I was happy to see a module on empathy for my second month of surgery. The last question to be answered in this module was: “Although the studies on empathy are very consistent other authors have indicated that medical students are really not losing cognitive empathy, rather they are learning to engage in a “toggle switch” approach to patients where one side of the switch is “associated with the patient” and the other is “disassociated from the patient” which is necessary in order to perform medical procedures. Please discuss this and use example which you have seen or in which you have been involved.”

Here is my answer:

I am not sure if I agree with this. Yes, there is a certain amount of disassociation that may have to happen in order to get through the day, and I guess I felt a “toggle switch” moment when I was first in the OR, and the patient was not a patient but more of a sterile field surrounded by drapes. But, I think there are complex layers of desensitization, not just an on/off switch situation that happens.

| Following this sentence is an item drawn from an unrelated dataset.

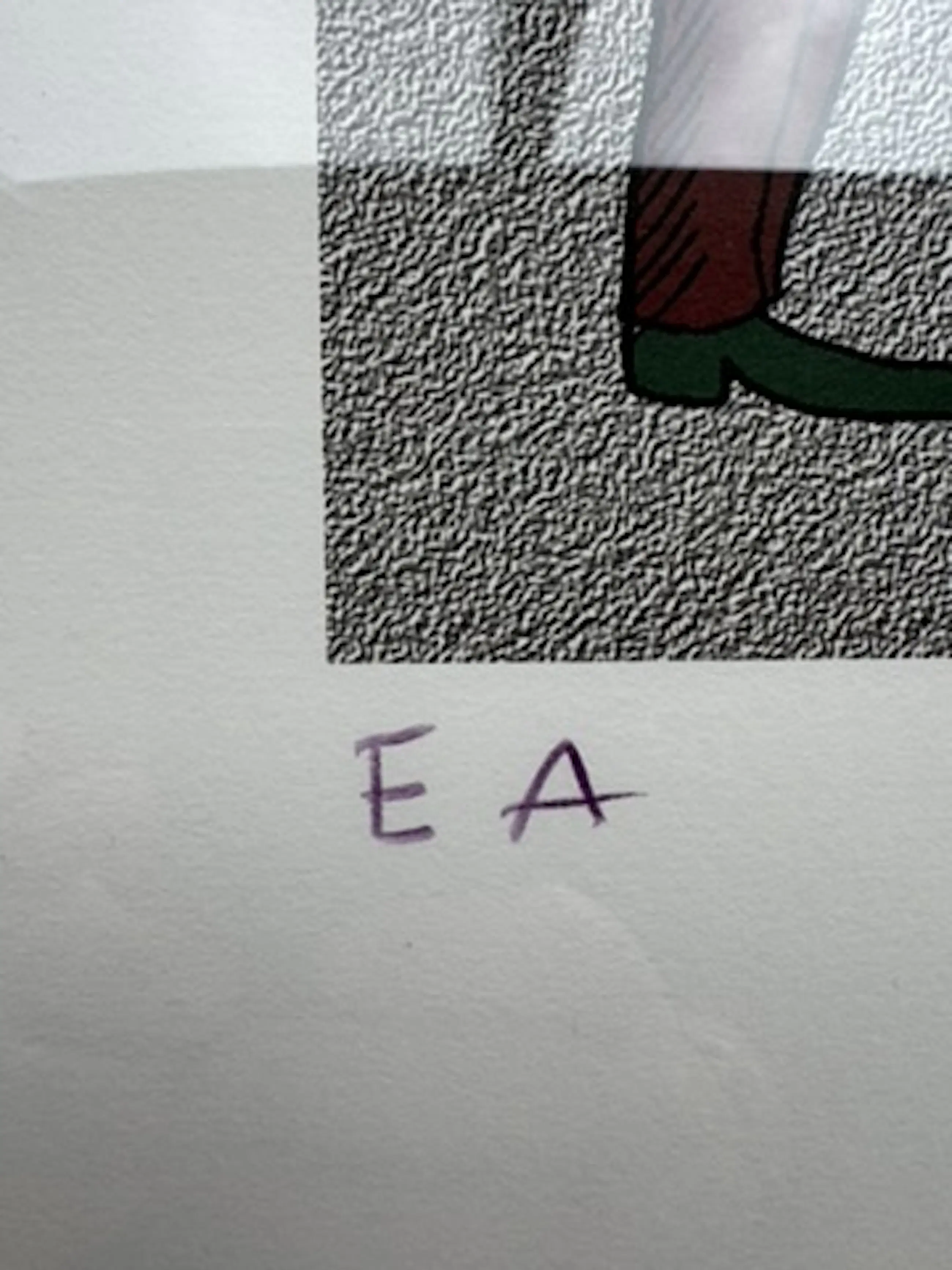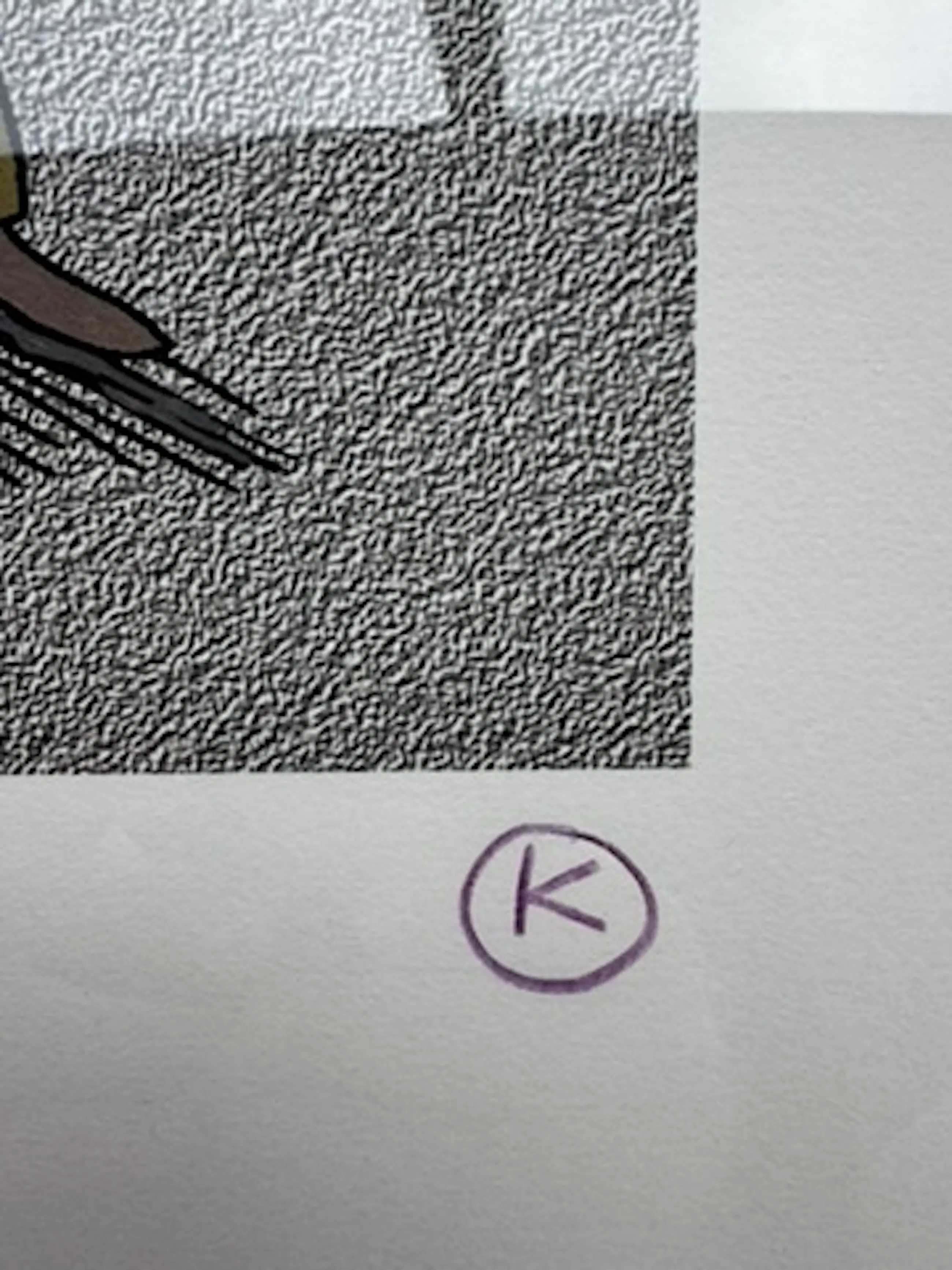 Aangeboden: een gesigneerde prent van Kamagurka (Luc Zeebroek, 1956), uitgevoerd in kleur en voorzien van aanduiding EA (Épreuve d’Artiste) en gesigneerd met het kenmerkende omcirkelde “K”.

I participated in a dilation and curettage on a woman who was experiencing an incomplete abortion. I was in the room before the procedure and the OR nurse offered to let me do a pelvic exam on her, since the patient was already anesthetized. Although I was fascinated by the opportunity, and initially was tempted by the learning experience, I didn’t want to do it without her permission, and made myself consider her as a patient and a person, not as a pathology or anatomy in front of me. Yes, I knew she was going to have a pelvic procedure that she already consented to, and I even had the opportunity to introduce myself to her before she was anesthetized, but I knew it wasn’t diagnostic for me to do a pelvic on her in this situation, wouldn’t change the course of her treatment, and questioned the ethics of it. I knew I would have plenty of opportunities to do pelvic exams on awake and aware patients whose humanity I would face directly and whose informed consent I would be able to directly assess, and I was willing to wait for that opportunity.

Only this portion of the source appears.